Francis Wurtz erinnerte auch daran, dass 1996 das Europaparlament
einen Beschluss gefasst hat, in dem darauf hingewiesen wird,
dass die PKK in der Lösung der kurdischen Frage eine wichtige
Rolle einnimmt und die Türkei dies akzeptieren müsse.

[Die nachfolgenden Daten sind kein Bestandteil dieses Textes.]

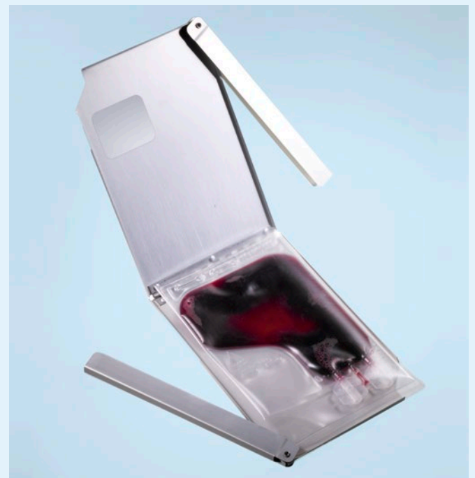
More protection in the same storage space

In einem Beschluss vom letzten Jahr hieß es, dass die
PKK, indem sie ihre bewaffneten Kräfte hinter die Staatsgrenzen
der Türkei zurück gezogen hat, die Grundlage für
die Friedensatmosphäre geschaffen hat.
Luisa Morgantini (MdEP): Die Kurden dürfen
nicht geopfert werden
MHA / 01-05-2002
Die Europaparlamentarierin Luisa Morgantini hat sich gegen die
Bemühungen ausgesprochen, die PKK auf die Liste der EU
zu setzen. Frau Morgantini, die darauf hinwies, dass das kurdische
Volk von der PKK nicht zu trennen ist, erklärte, dass Europa
eine demokratische Lösung der kurdischen Frage beschleunigen
sollte, anstatt die PKK in die Terrorliste aufzunehmen, wenn
es für das kurdische Volk etwas unternehmen möchte.
Im weiteren
wies sie darauf hin, dass die PKK mit ihrem strategischen Wechsel
die Probleme des kurdischen Volkes innerhalb den Grenzen der
Türkei mit demokratischen Mitteln zu lösen gedenke.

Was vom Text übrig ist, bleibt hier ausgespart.